Único mamífero de sangue frio conhecido no mundo foi uma espécie de cabra

Daniela Marinho
Imagem: Reprodução/DeviantArt/WillemSvdMerwe

Enquanto os répteis buscam o calor do sol para regular sua temperatura, os mamíferos, incluindo os que habitam o mar, dependem da ingestão regular de alimentos para obter a energia necessária e manter uma temperatura interna constante – esta é a diferenciação básica e primordial entre os animais de sangue quente e os de sangue frio. Contudo, um mamífero, em uma ilha mediterrânica com recursos limitados, realizou uma proeza extraordinária ao desafiar esse padrão, tornando-se o único mamífero de sangue frio conhecido no mundo. E mais – com uma aparência um tanto familiar.

Mamífero de sangue frio – ou espécie anã

Uma espécie de mamífero de sangue frio extinta há muito tempo, conhecida como Myotragus balearicus, percorreu a terra que uma vez conectou as Ilhas Baleares à Europa continental. Estabelecendo-se na ilha de Maiorca à medida que as Ilhas Baleares foram cercadas pelo mar, essas cabras adaptaram-se às condições isoladas e passaram por mudanças morfológicas importantes para sobreviver.

Apesar de terem apenas 45 centímetros de altura, esses animais experimentaram modificações em suas características físicas, incluindo membros mais curtos, cérebro menor e órgãos dos sentidos reduzidos, evoluindo efetivamente para uma espécie anã.

Curiosamente, essas cabras são reconhecidas por possuírem uma estrutura óssea semelhante à encontrada em répteis, o que significa uma descoberta bastante interessante e diferente, visto se tratar de um mamífero de sangue frio.

Histologia óssea

Os répteis são conhecidos por seu crescimento lento e pela capacidade de regular ou até interromper completamente seu desenvolvimento com base na disponibilidade de recursos.

A capacidade de desacelerar ou cessar periodicamente a taxa de crescimento deixa evidências nos ossos dessas espécies, destacando a incrível capacidade de adaptação e sobrevivência dessas cabras antigas em um ambiente desafiador.

Ao analisar a histologia óssea da cabra extinta o mamífero de sangue frio, os cientistas identificaram tecidos na zona lamelar, os quais, até então, só haviam sido associados a répteis ectotérmicos.

Ao comparar os ossos dessas cabras com os de crocodilos, notaram significativas semelhanças, incluindo a capacidade de manter taxas de crescimento lentas e flexíveis, chegando até a interromper completamente o processo de crescimento.

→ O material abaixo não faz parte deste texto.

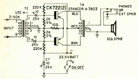 Esta etapa de potência com fração de watt foi publicada na Radio Electronics de setembro de 1950. Os transformadores eram tipos especiais da época. Havia uma saída para fone.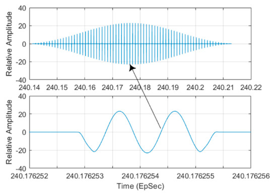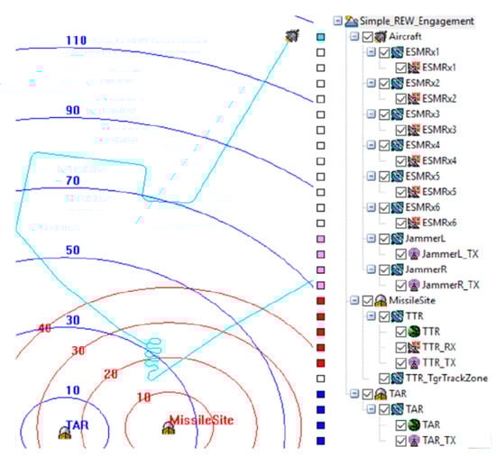 Figure 7 shows the top view of a REW engagement scenario. An aircraft installed with a multi-channel RESM sensor (ESMRxi (i = 1 to 6)) and a jammer system was approaching an area defended by an RF guided missile system, which was modeled by TAR and MissileSite. The cyan-line shows the aircraft flight path projected on the ground. In the figure, the aircraft icon was located at the beginning of the scenario. The vignette of the scenario to be used to demonstrate the multi-channel CS-based AoA measurement system was that the RESM receiver intercepts the TAR signal whenever the RESM receiving antennas intercept the TAR signal during the flight, the signal’s AoA is measured by the RESM system. The constraints that define the RESM receiver can intercept the TAR signal will be discussed later.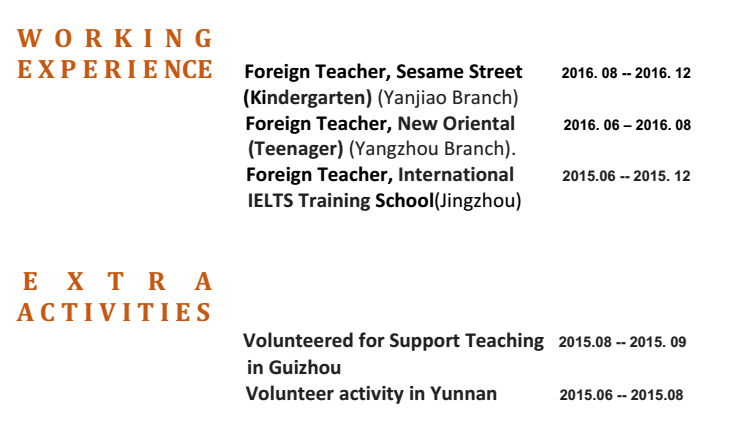 國籍: 其他 求職意向: 教師

Surpreendentemente, M. balearicus alcançava a maturidade em torno dos 12 anos, em marcado contraste com uma espécie comum de cabra, que pode atingir a maturidade sexual antes dos 9 meses, conforme indicado no Manual Veterinário MSD.

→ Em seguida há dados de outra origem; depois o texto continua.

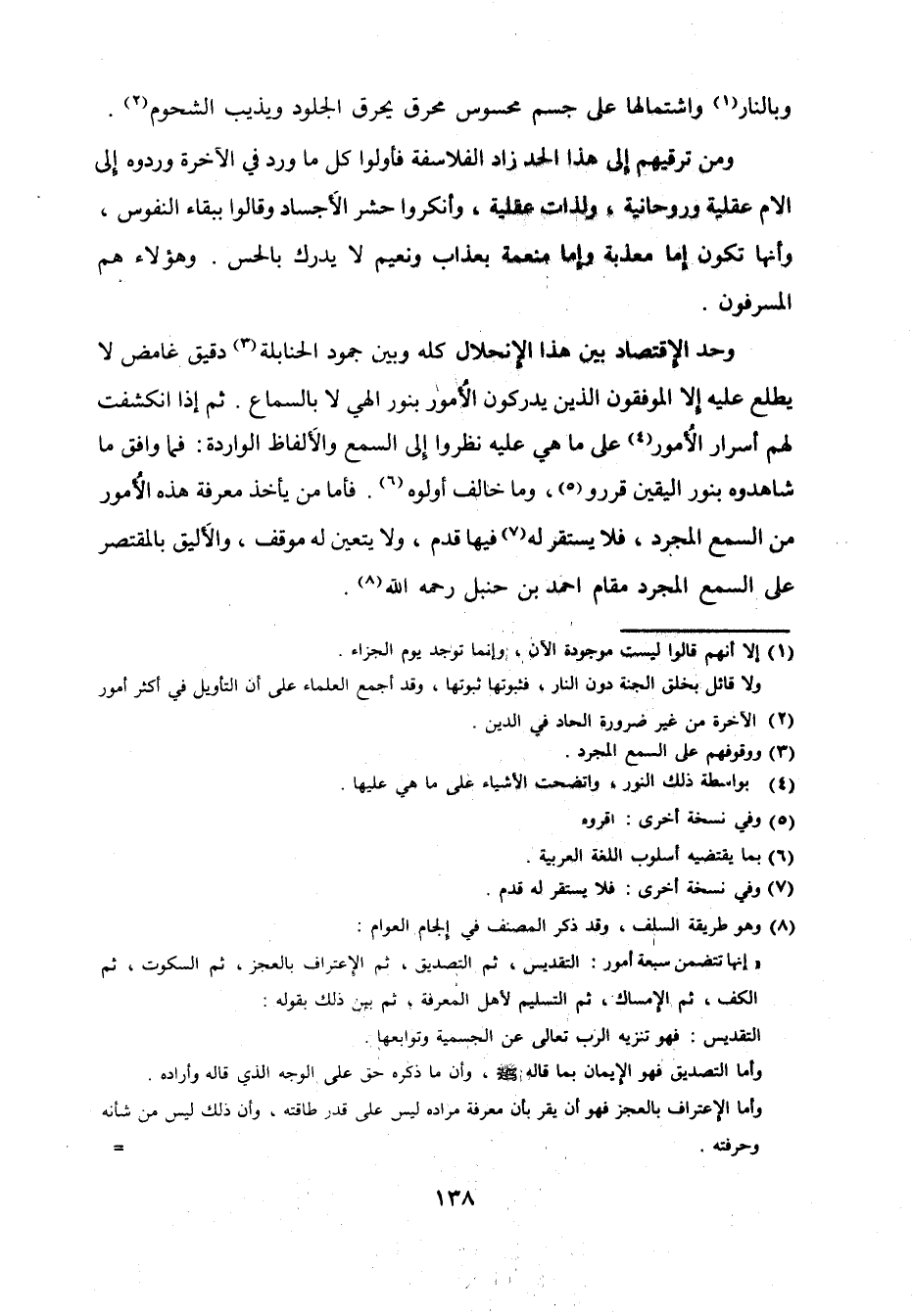 وحد الإقتصاد بَين هَذَا الإنحلال كُله وَبَين جمود الْحَنَابِلَة دَقِيق غامض لَا يطلع عَلَيْهِ إِلَّا الموفقون الَّذين يدركون الْأُمُور بِنور إلهي لَا بِالسَّمَاعِ

A pesquisa também aponta para a hipótese de que esse mamífero de sangue frio extinto levava um estilo de vida mais lento se comparado às espécies convencionais de cabras modernas que conhecemos.

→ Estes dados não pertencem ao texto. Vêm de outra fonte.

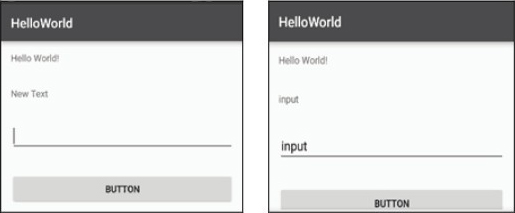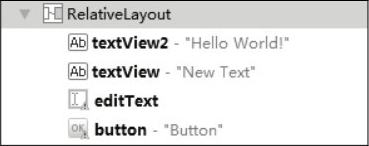 【例2-4】 在布局文件activity_main.xml 中添加3个控件:一个控件是编辑框EditText,用户可以输入信息;一个控件是文本框 TextView,用于显示信息;一个控件是 Button,用户单击Button 时,可以将编辑框输入的信息显示在TextView 中。实现步骤如下:

Ao invés de realizar atividades ágeis, como correr e saltar sobre as rochas da ilha, essas cabras provavelmente passavam mais tempo ao sol, adotando um ritmo mais tranquilo em suas atividades diárias.

Problema de observar apenas os ossos

mamifero de sangue frio
Reconstrução mostra como poderia ser a aparência de Myotragus balearicus.
Imagem: Xavier Vázquez via Wikimedia Commons (domínio público)

É importante afirmar que examinar exclusivamente os ossos suscita debates, pois nas espécies de sangue frio ou ectotérmicas, os ossos geralmente consistem em osso lamelar de crescimento lento.

No entanto, ossos fibrolamelares de crescimento rápido, comumente associados a espécies de sangue quente, foram identificados em dinossauros e aves. Os pesquisadores ponderam a possibilidade de existir uma terceira condição intermediária entre o perfil completamente de sangue quente ou totalmente de sangue frio.

Desse modo, a cabra anã M. balearicus se destaca como um modelo de estudo, especialmente devido à ausência de predadores naturais na ilha em que habitava.

Numa Maiorca carente de recursos, esse mamífero de sangue frio desenvolveu características semelhantes às dos répteis, possibilitando sua sobrevivência ao longo de impressionantes 5,2 milhões de anos, mais que o dobro do tempo observado nas espécies continentais.

Entretanto, o desenvolvimento dessas características, infelizmente, não foi suficiente para a sobrevivência dessas únicas espécies de mamíferos de sangue frio no mundo, uma vez que sucumbiram à chegada dos humanos à ilha, cerca de 3.000 anos atrás.

Esse evento, combinado com a diminuição das plantas de sua preferência, provavelmente desencadeou a extinção dessas criaturas peculiares.